For Barbeau, a sexual assault survivor whose attackers were never arrested, it was a form of healing. “People don't recognize... how our own trauma pulled us into this,” she says. She’d stay up until all hours of the night hunting the GSK after putting in full days at work. “I felt like I was doing a service for my community."

And she was. In I’ll Be Gone In the Dark, based on McNamara’s 2018 book of the same name, the evidence the three dug up doesn’t solve the case, but it does keep the police from letting the trail go cold. Barbeau, who is featured in the series, thinks of herself as a “slight thorn” in the side of the official investigation, urging it on; Haynes, an executive producer on the project, calls citizen detectives “ankle biters.”

"There’s a tension between the gravity of the project — to solve crimes that happened to real people — and how distracted the conversation can become by petty squabbles."

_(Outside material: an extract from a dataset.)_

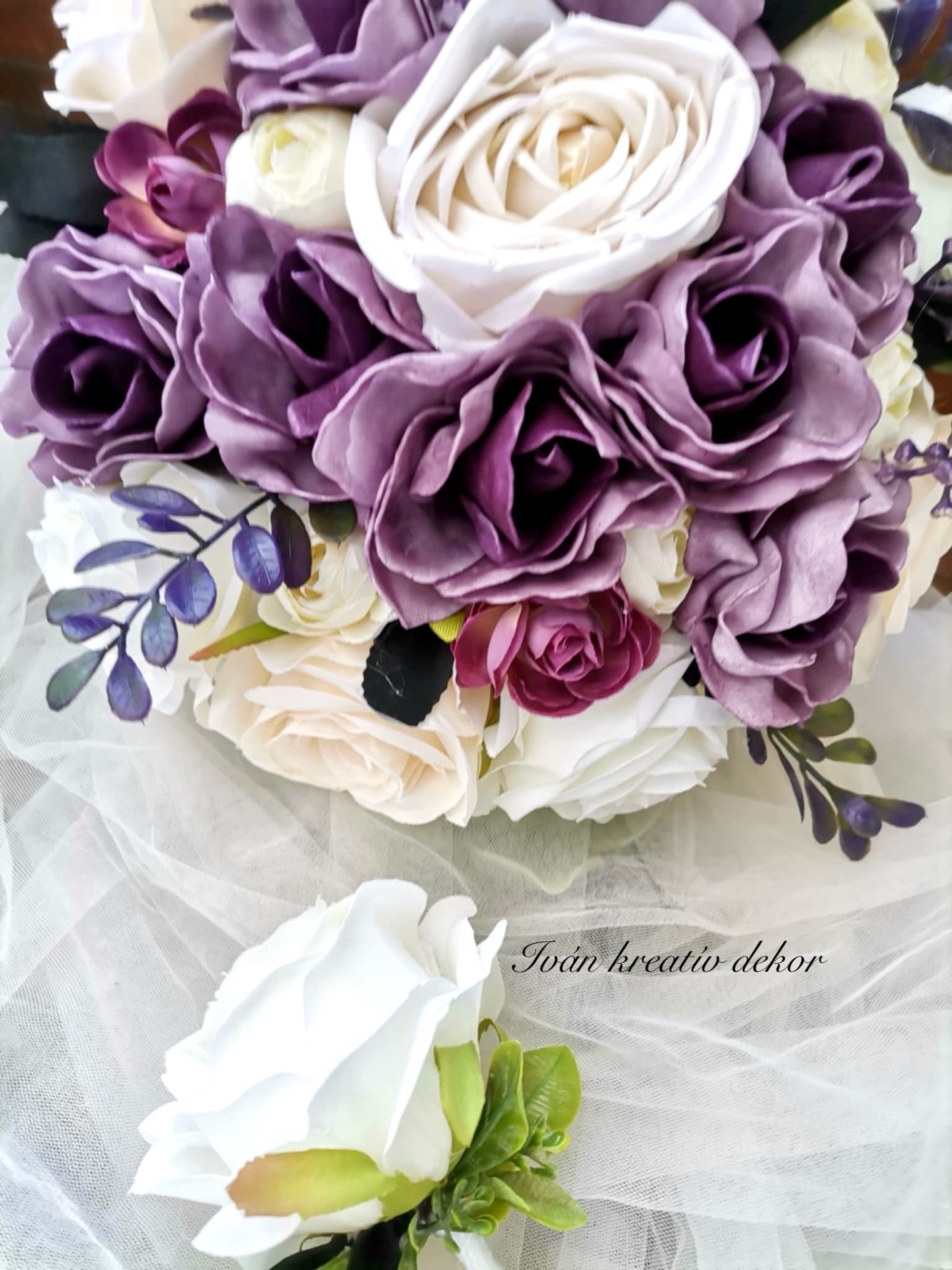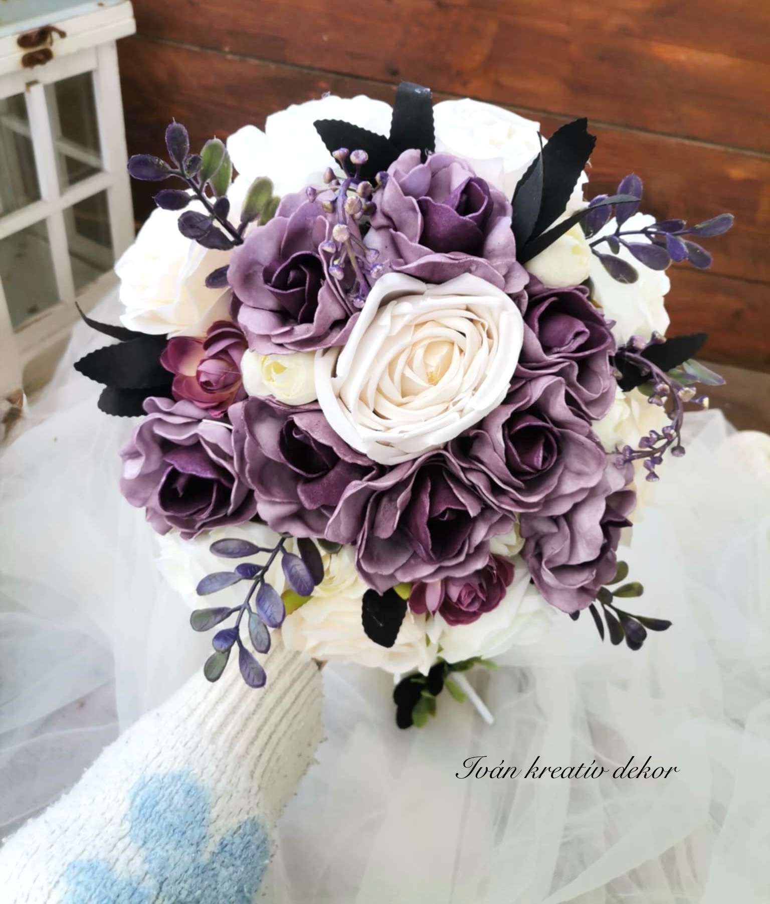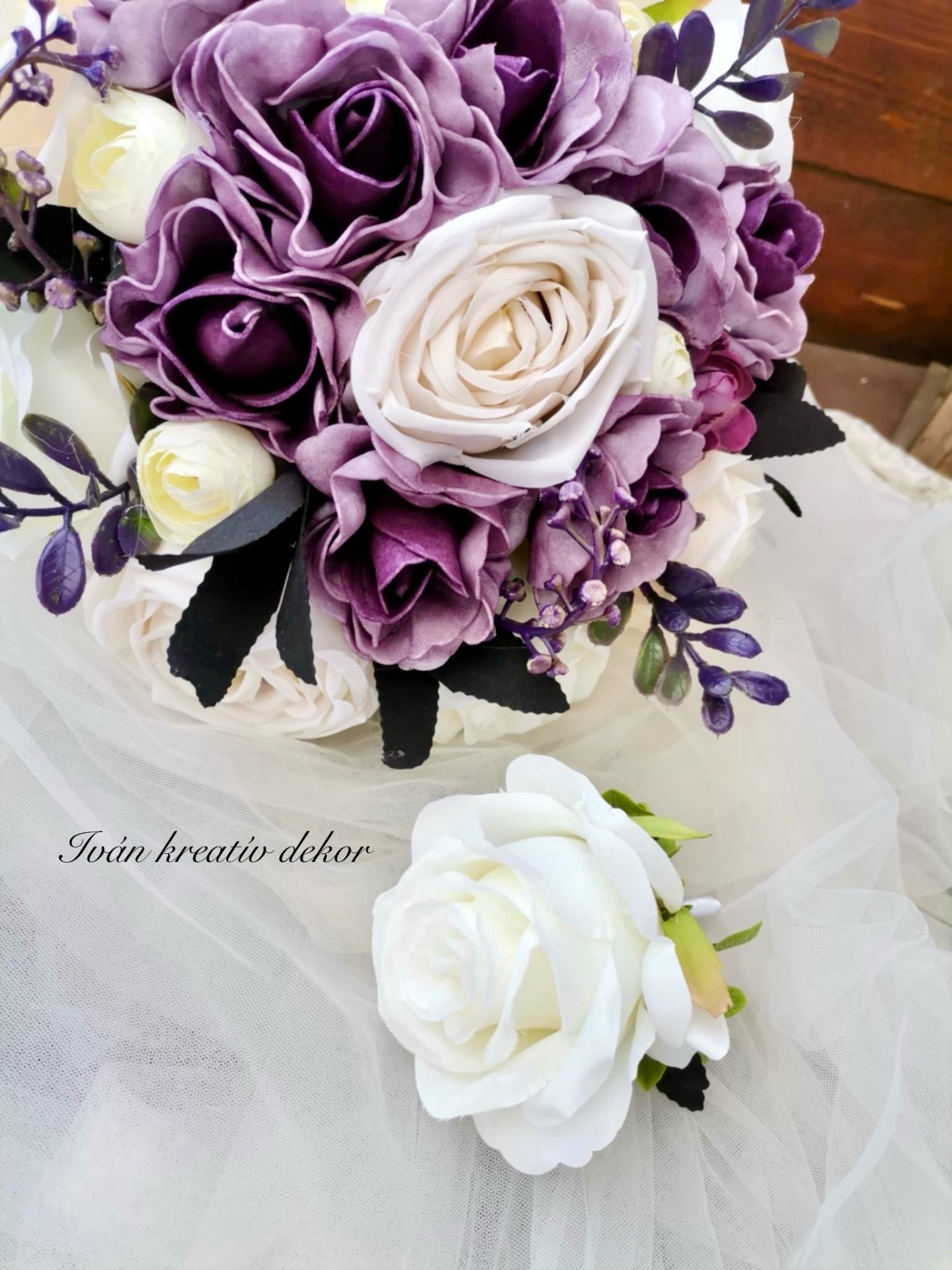 Antik lila (minőségi polifoam virág) a fehér rózsa (selyemvirág).

Of course, not all websleuths are as single-minded. Upon signing up for the popular site, which has nearly 9,000 registered accounts, users receive a message reminding them of the rules of decorum: no name calling, no foul language. Still, violations are common and banned members frequently take to other sites to complain about their dismissals. Like all subcultures, websleuths have evolved their own mores and hierarchies. There are verified users and trophy points for attracting "likes." But reading the screeds of people who feel wronged by the moderators is troubling. There’s a tension between the gravity of the project — to solve crimes that happened to real people — and how distracted the conversation can become by petty squabbles. Even Barbeau, who is adamant that the GSK’s victims were always at the forefront of her mind, has regrets about her conduct on the A&E boards. “I wish I might've been kinder or I might've considered other people's feelings more than just trying to advance with my information.”

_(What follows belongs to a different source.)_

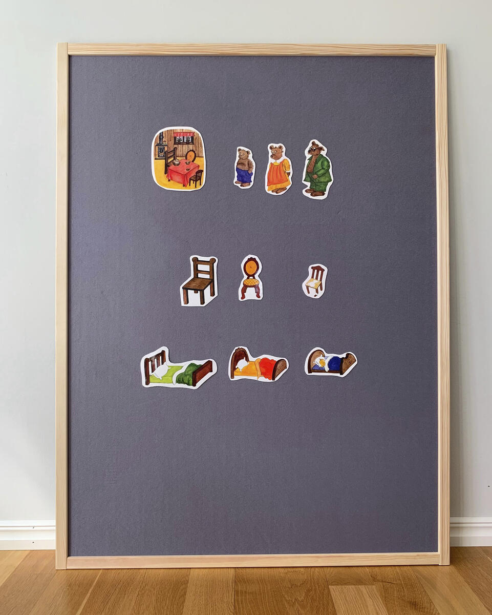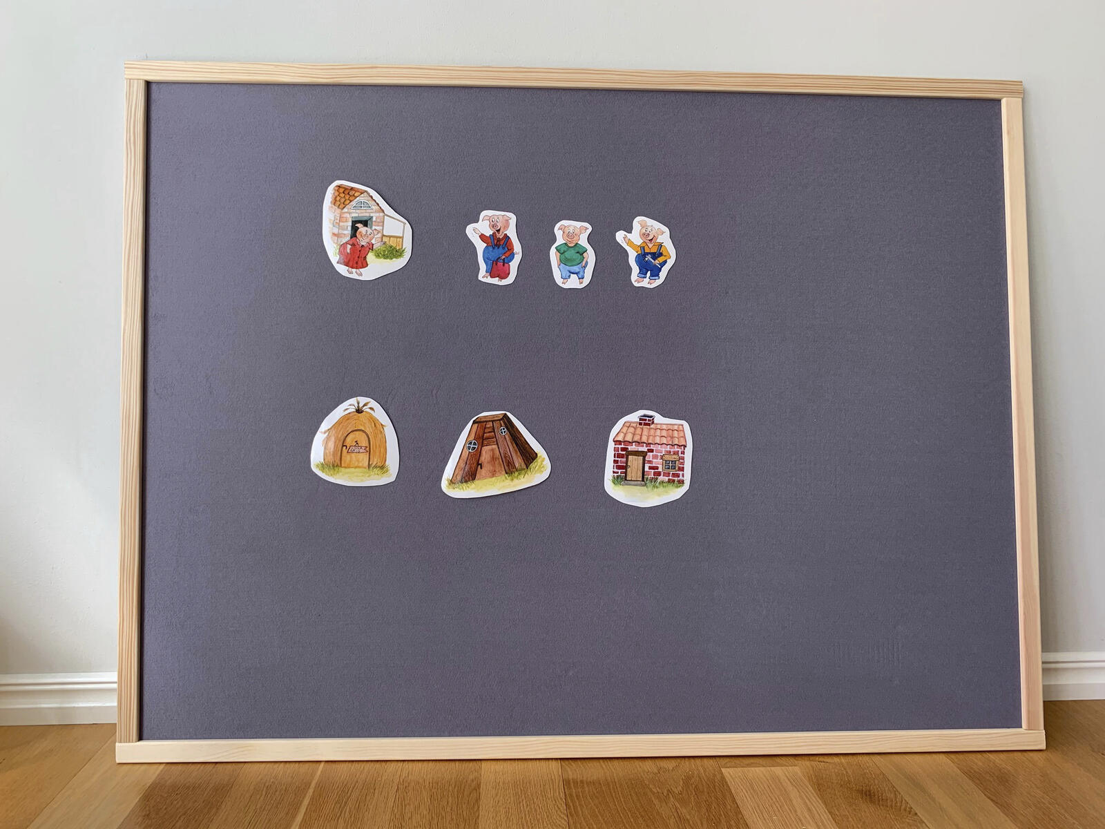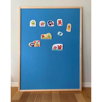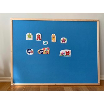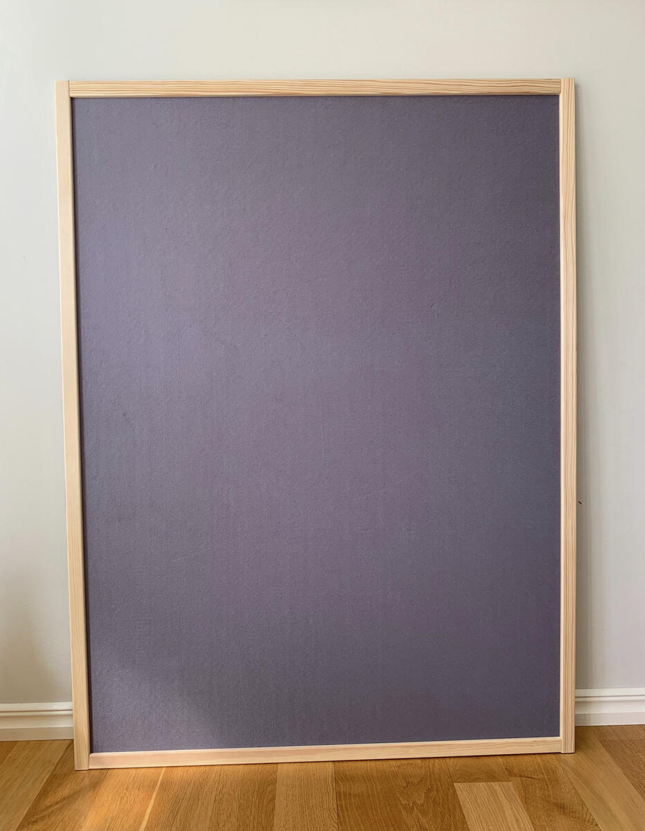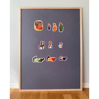 En flanellograftavla klädd med grå filt och svart träram. Med stödben på baksidan så att den kan stå fritt, samt svart upphängningsband om man vill hänga den på väggen. Mått: 90x80 cm. Av 3 mm MDF-skiva. PVC-fri.

Nowhere is this kind of insolence more apparent than on Etsy, where true crime occupies a pretty glib corner of the slogan tee market. Popular offerings include “The Husband Did It” and “True Crime, Glass of Wine, In Bed By Nine.” “I’m Only Here To Establish My Alibi” has already been turned into a face mask. There’s something undeniably unsavory about the monetization and the gamification of unsolved murders.

There’s also an upside. In 2018, Haynes was a panelist at CrimeCon, a three-day convention hosted by the Oxygen network, which airs Killer Couples and Accident, Suicide, Or Murder and the podcast Murder & Martinis. “It’s a double-edged sword. You're bringing these cases into a much broader level of public awareness and that's doing a service to the cases,” he says. And despite some of the dissidence among members, the community has been particularly effective at identifying missing persons.

The more popular true crime gets, the more interest grows in moonlighting as a citizen detective. It’s no longer the narrow community Barbeau remembers from the early 2000s. When Netflix rebooted Unsolved Mysteries, the same series that hooked Haynes as a kid, it went even further than the A&E message boards did to create community around the show, sharing the case files, interviews, and evidence uncovered during production on Reddit for citizen detectives to analyze. That subreddit alone has a quarter of a million followers. In 2021, Oxygen, which rebranded itself as a true crime TV network in 2017, will host its first-ever CrimeCruise, a true-crime themed vacation to the Bahamas.

Despite how mainstream true crime has become, it’s hard for Haynes and Barbeau to imagine investing in another case now that the GSK has finally been caught. Haynes, now 38, says he’s grown disconnected from the community. Barbeau remains a little more involved. She talks regularly with her sleuthing “teammates,” who she calls Port and Arch to safeguard their anonymity. “I got off the phone with Port about an hour ago. We talk every day. We're like sisters, and we've never met,” she says. And maybe it’s a force of habit, but she checks the GSK message boards from time to time. “I don't know why. There's nothing for me really there because this is solved.” As it is, Barbeau can’t believe how involved she became with the GSK case over the last dozen years. “I don't think I'm interested in any other cases,” she says. Still, she can’t bring herself to shut the door entirely. “It would have to be something that really called me.”